Внизу в солнечном просторе распластались горы, укрытые синеватым ковром густых ельников. Сладко вдруг кольнуло сердце: а ведь такое однажды уже было в ее жизни! Прикрыв глаза, Ефросинья увидела себя на скалистой вершине горы Золотой: так же ласково припекало заходящее солнце, а под ногами в прозрачном мареве - хребты до самого горизонта, будто остановленные, навечно застывшие морские волны. И еще вспомнила: такой же льдистый, пахнущий хвоей резкий ветер бил ей тогда в лицо.

Алтай и Карпаты… Они оказались удивительным образом соединены, связаны в ее судьбе одной и той же, как и во все эти годы, единой пятидесятой параллелью, курсом, который и теперь светился на картушке полетного компаса.

Гудел мотор, искрились просветленные дали, изредка под самым крылом проплывали снеговые вершины - не чисто-белые, а уже подтаявшие, причудливой формы, похожие на случайные, брошенные невпопад заплаты.
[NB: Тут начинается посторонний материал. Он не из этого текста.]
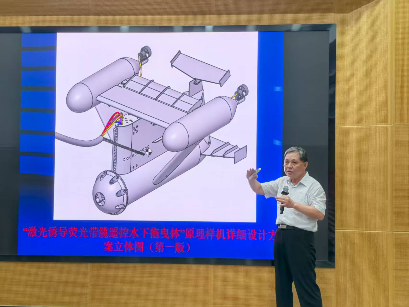 吴家鸣以《激光诱导荧光带缆遥控水下拖曳体研发成果简介》为主题作报告。他重点介绍了其带领的研发团队开展激光诱导荧光带缆遥控水下拖曳体原理样机的研发过程,包括水下拖曳体的水下探测作业功能要求、主尺度及总布置设计、轨迹与姿态控制装置设计,以及原理样机实验室水池试验与海上野外试验的实施过程、研发成果与经验。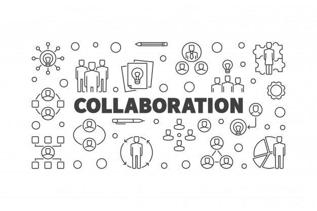 在线协作概念线性图标插图或横幅,简单的图标设计,可以用于在线网页、广告、横幅等设计上。
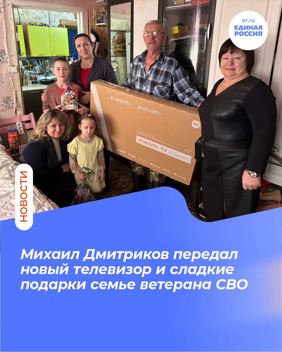 Леоновым встретился за чашкой чая с участниками специальной военной операции. За помощью в приобретении большого телевизора для своей семьи к народному избраннику обратился один из ветеранов СВО – многодетный отец, проживающий в селе Мятлево. Мужчина недавно вернулся с фронта. Он в одиночку занимается воспитанием детей, поэтому средств на покупку нового телевизора взамен сломавшегося, у него не было. Михаил Дмитриков пообещал помочь. Накануне депутат передал телевизор и сладкие подарки детям. - Теперь большой экран есть в доме у человека, который защищал нашу Родину и выполнил свой воинский долг до конца, - отметил Михаил Дмитриков. – Сейчас он выполняет отцовский долг в своей семье – и это также достойно уважения. 💙ВК|📝ДЗЕН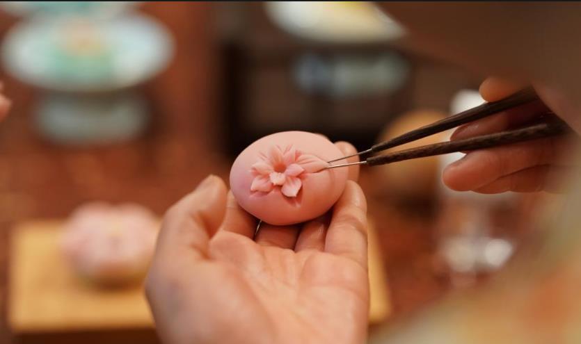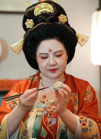 唐果子,是起源于唐代的传统特色糕点,佐茶而食,其造型精致、色彩丰富,曾在唐代宫廷贵族中流行。在西安,有着多年烘焙工作经验的“80后”李欢,一次偶然的机会与唐果子结缘。2020年,李欢与志同道合的伙伴成立公司,创立了“开元风雅”品牌,李欢也成为了品牌的主理人。她和团队埋首于唐代饮食文献之中,行走于各大博物馆内,从唐代文物的花纹图案中汲取灵感,结合健康饮食和现代口味需求精心调整配方,成功“复现”出一枚枚精巧的唐果子,受到人们的欢迎。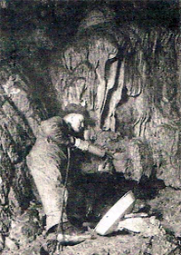 For the next two months, numerous curiosity seekers entered the open cave at their discretion. Fearful of vandalism and broken formations a neighboring farmer with a passionate hobby for collecting Indian relics and geologic specimens, leased the cave from Gideon Merkel in February 1872. Samuel D. F. Kohler, leesee, immediately erected a rudimentary wooden door to protect the cave from trespassers who could potentially damage the cave. A few years later a more appealing stout door replaced the wooden planks that were initially nailed to the side of the hillside.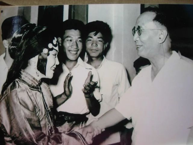 1958年,马金凤(左一)演出《窦娥冤》,并与郭沫若(右一)合影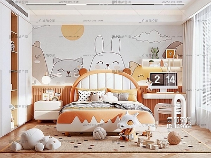 07-现代儿童房,儿童床学习桌-3d模型下载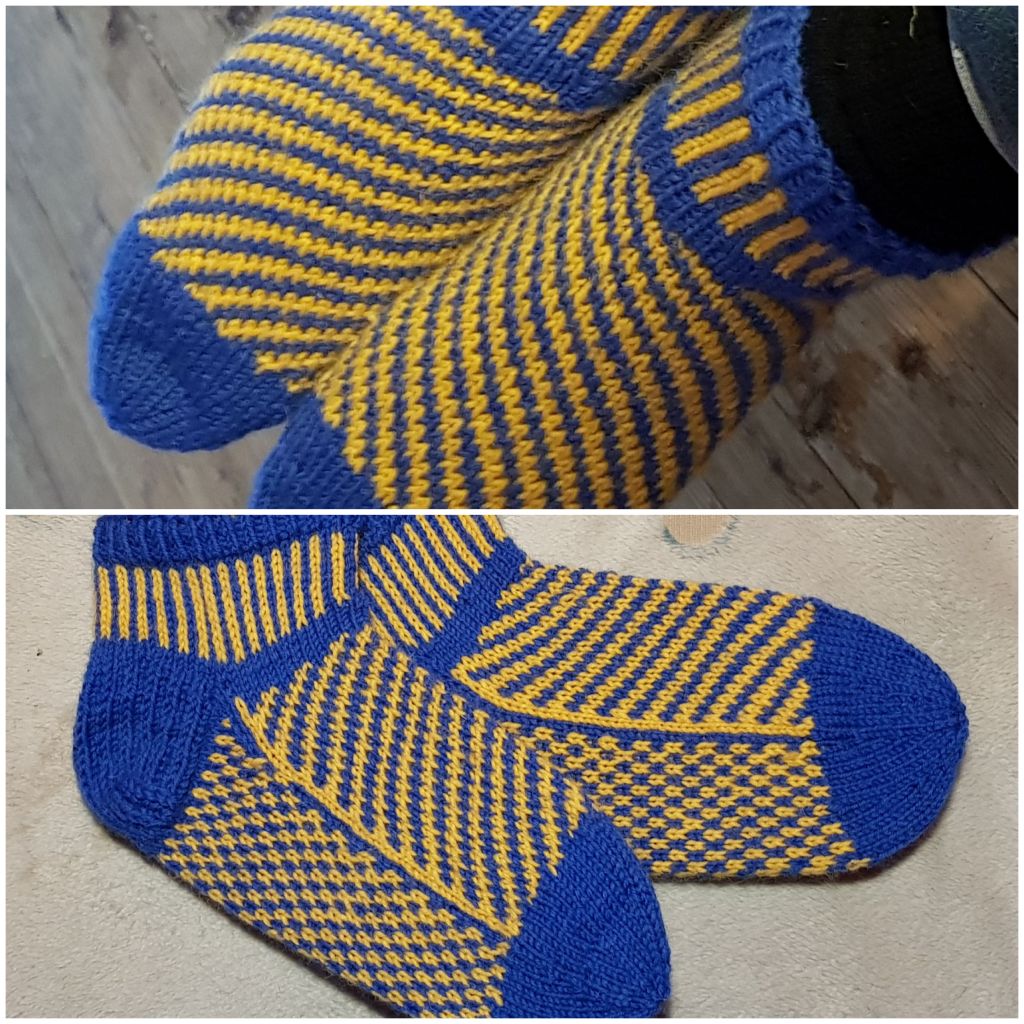 Kun jalkapohjan pituus oli n. 5 senttiä alle lopullisen pituuden jätin keltaisen langan pois ja kudoin kerroksen pelkällä sinisellä ennen kuin aloitin kärkikavennukset. Kärkeen tein jälleen sädekavennuksen. Lopuksi höyrytys ja blokeille kuivumaan. Nämä jos jotkut oli nopeat tehdä!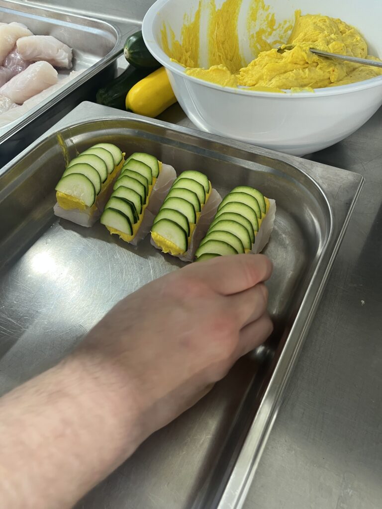 - Wolfsbarschfilet auf Fenchelgemüse – Beilage: Kartoffelgratin, Butterkarotten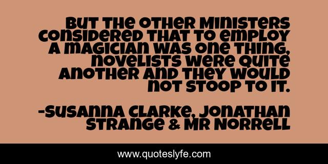 This page presents the quote "But the other Ministers considered that to employ a magician was one thing, novelists were quite another and they would not stoop to it.". Author of this quote is Susanna Clarke, Jonathan Strange & Mr Norrell. This quote is about magic, magicians, novelists,.

Левее Ужгорода, от перевала, где просматривалась полоска горной дороги, навстречу самолету взметнулись было веером желтые трассы зенитного "эрликона", однако Ефросинья тут же ушла от них резким скольжением, затем снова набрала высоту и поднялась на свой предельный потолок. Оставшаяся часть маршрута прошла спокойно.

На подходе ко Львову Ефросинья встала в круг, издали примериваясь к знакомому аэродрому: он был забит самолетами. Не стоило лепиться на взлетно-посадочную бетонку вместе с бомбардировщиками, мешать им, поэтому она плавно притерла свою "тридцатку" на краю летного поля, на сухую ровную лужайку. Потом также скромненько зарулила на дальний фланг самолетной стоянки и выключила мотор.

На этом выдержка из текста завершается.